Only the pictures should be left out; repeat the rest of the data exactly.

────────

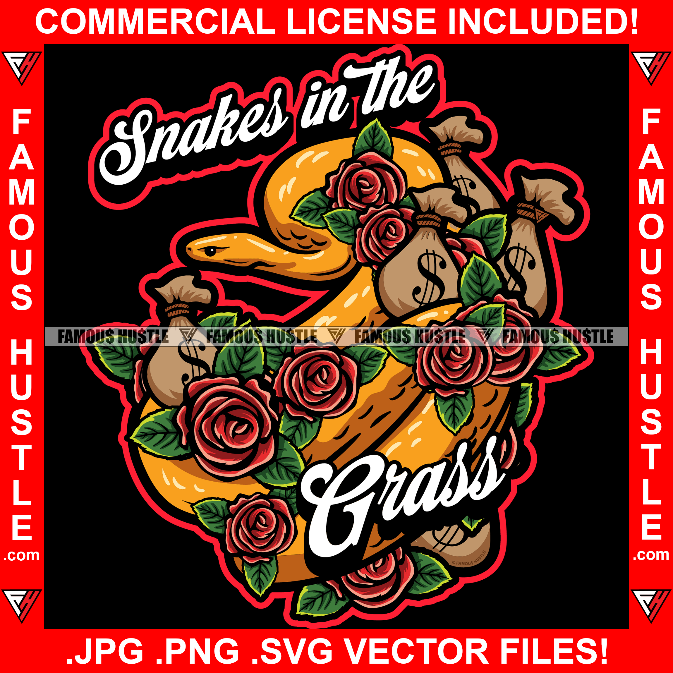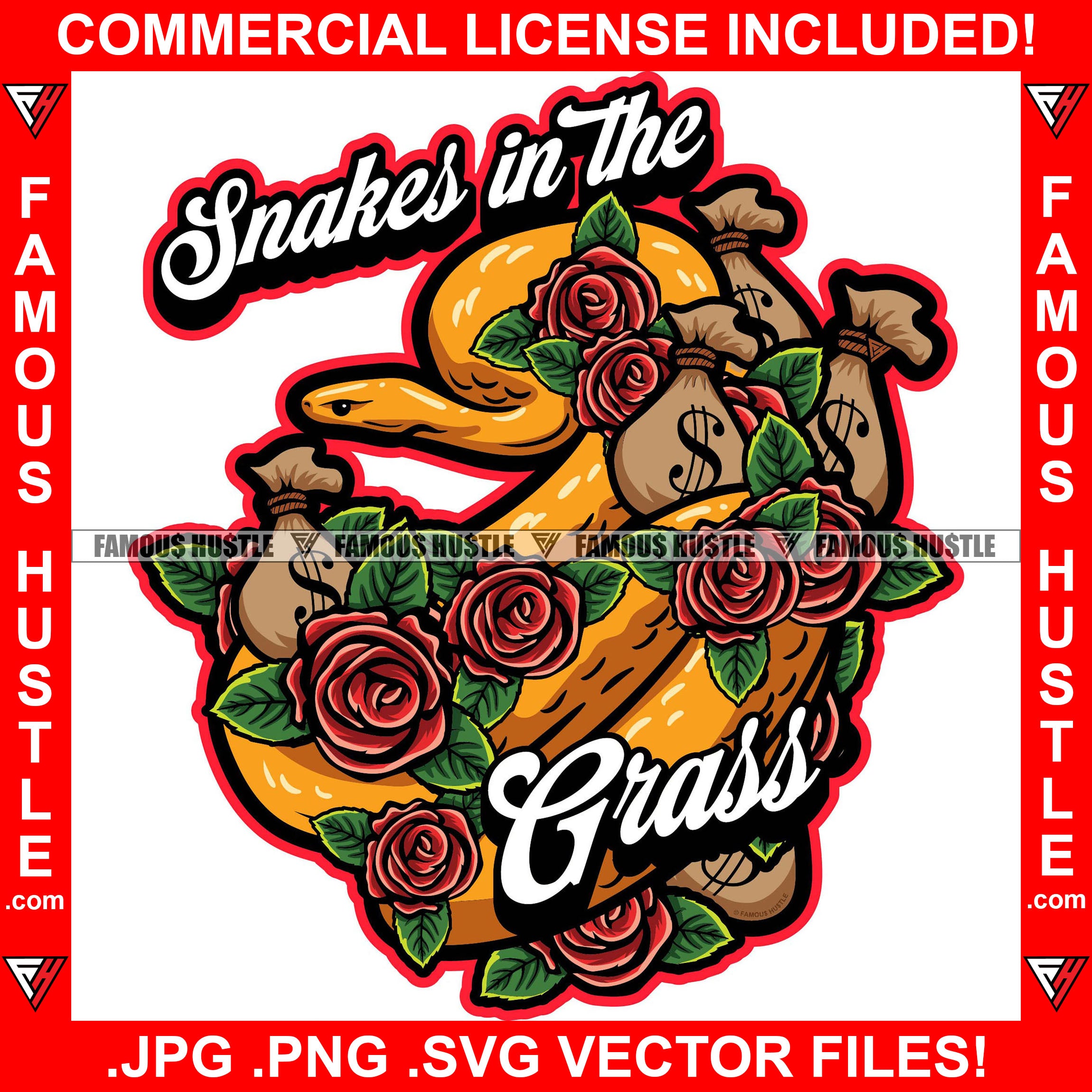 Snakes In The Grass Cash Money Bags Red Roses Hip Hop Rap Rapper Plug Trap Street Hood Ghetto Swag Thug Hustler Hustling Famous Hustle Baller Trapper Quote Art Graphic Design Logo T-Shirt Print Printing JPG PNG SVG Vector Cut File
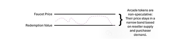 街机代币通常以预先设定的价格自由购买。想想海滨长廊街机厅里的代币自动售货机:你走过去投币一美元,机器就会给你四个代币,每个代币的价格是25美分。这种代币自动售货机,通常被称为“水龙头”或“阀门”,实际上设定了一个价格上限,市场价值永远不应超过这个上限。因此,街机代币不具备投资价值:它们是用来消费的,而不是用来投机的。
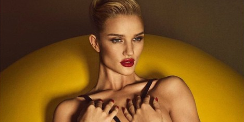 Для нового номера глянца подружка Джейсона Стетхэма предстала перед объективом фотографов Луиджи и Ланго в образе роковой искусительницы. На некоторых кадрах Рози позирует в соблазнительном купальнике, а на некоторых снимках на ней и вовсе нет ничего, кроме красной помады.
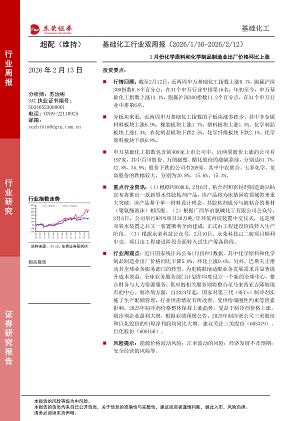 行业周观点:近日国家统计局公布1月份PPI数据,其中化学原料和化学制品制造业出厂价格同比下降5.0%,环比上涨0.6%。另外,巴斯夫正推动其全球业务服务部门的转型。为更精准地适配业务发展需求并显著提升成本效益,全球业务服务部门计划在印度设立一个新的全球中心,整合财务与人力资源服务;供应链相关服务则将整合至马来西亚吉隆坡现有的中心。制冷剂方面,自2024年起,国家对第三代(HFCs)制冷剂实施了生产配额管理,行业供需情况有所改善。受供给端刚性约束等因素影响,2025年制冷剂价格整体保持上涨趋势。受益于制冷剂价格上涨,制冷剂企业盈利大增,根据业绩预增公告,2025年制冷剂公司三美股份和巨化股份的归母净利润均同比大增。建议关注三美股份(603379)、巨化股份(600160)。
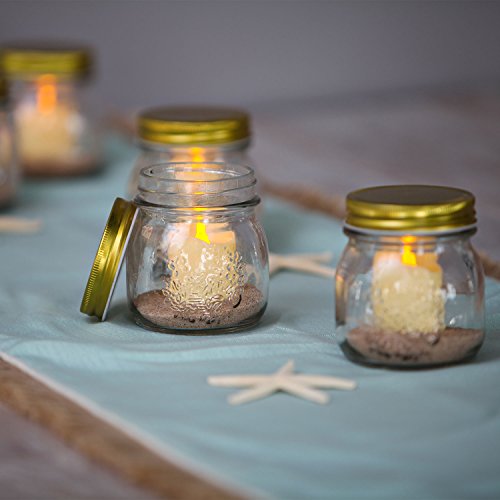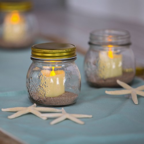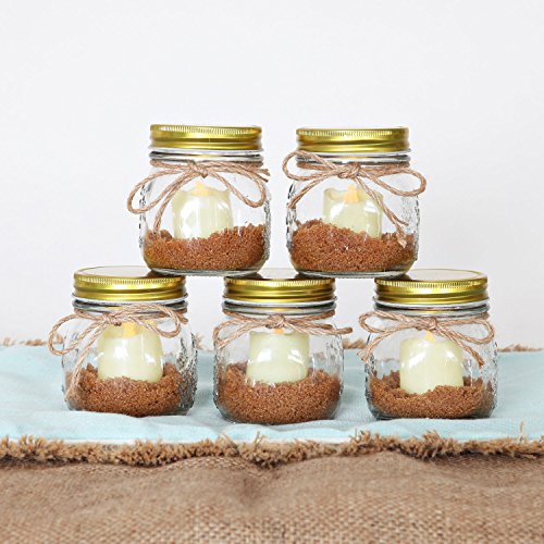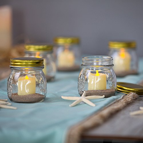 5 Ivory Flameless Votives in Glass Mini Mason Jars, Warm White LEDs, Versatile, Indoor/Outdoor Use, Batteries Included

────────

ANSWER FOR THE TASK:
 Snakes In The Grass Cash Money Bags Red Roses Hip Hop Rap Rapper Plug Trap Street Hood Ghetto Swag Thug Hustler Hustling Famous Hustle Baller Trapper Quote Art Graphic Design Logo T-Shirt Print Printing JPG PNG SVG Vector Cut File
 街机代币通常以预先设定的价格自由购买。想想海滨长廊街机厅里的代币自动售货机:你走过去投币一美元,机器就会给你四个代币,每个代币的价格是25美分。这种代币自动售货机,通常被称为“水龙头”或“阀门”,实际上设定了一个价格上限,市场价值永远不应超过这个上限。因此,街机代币不具备投资价值:它们是用来消费的,而不是用来投机的。
 Для нового номера глянца подружка Джейсона Стетхэма предстала перед объективом фотографов Луиджи и Ланго в образе роковой искусительницы. На некоторых кадрах Рози позирует в соблазнительном купальнике, а на некоторых снимках на ней и вовсе нет ничего, кроме красной помады.
 行业周观点:近日国家统计局公布1月份PPI数据,其中化学原料和化学制品制造业出厂价格同比下降5.0%,环比上涨0.6%。另外,巴斯夫正推动其全球业务服务部门的转型。为更精准地适配业务发展需求并显著提升成本效益,全球业务服务部门计划在印度设立一个新的全球中心,整合财务与人力资源服务;供应链相关服务则将整合至马来西亚吉隆坡现有的中心。制冷剂方面,自2024年起,国家对第三代(HFCs)制冷剂实施了生产配额管理,行业供需情况有所改善。受供给端刚性约束等因素影响,2025年制冷剂价格整体保持上涨趋势。受益于制冷剂价格上涨,制冷剂企业盈利大增,根据业绩预增公告,2025年制冷剂公司三美股份和巨化股份的归母净利润均同比大增。建议关注三美股份(603379)、巨化股份(600160)。
 5 Ivory Flameless Votives in Glass Mini Mason Jars, Warm White LEDs, Versatile, Indoor/Outdoor Use, Batteries Included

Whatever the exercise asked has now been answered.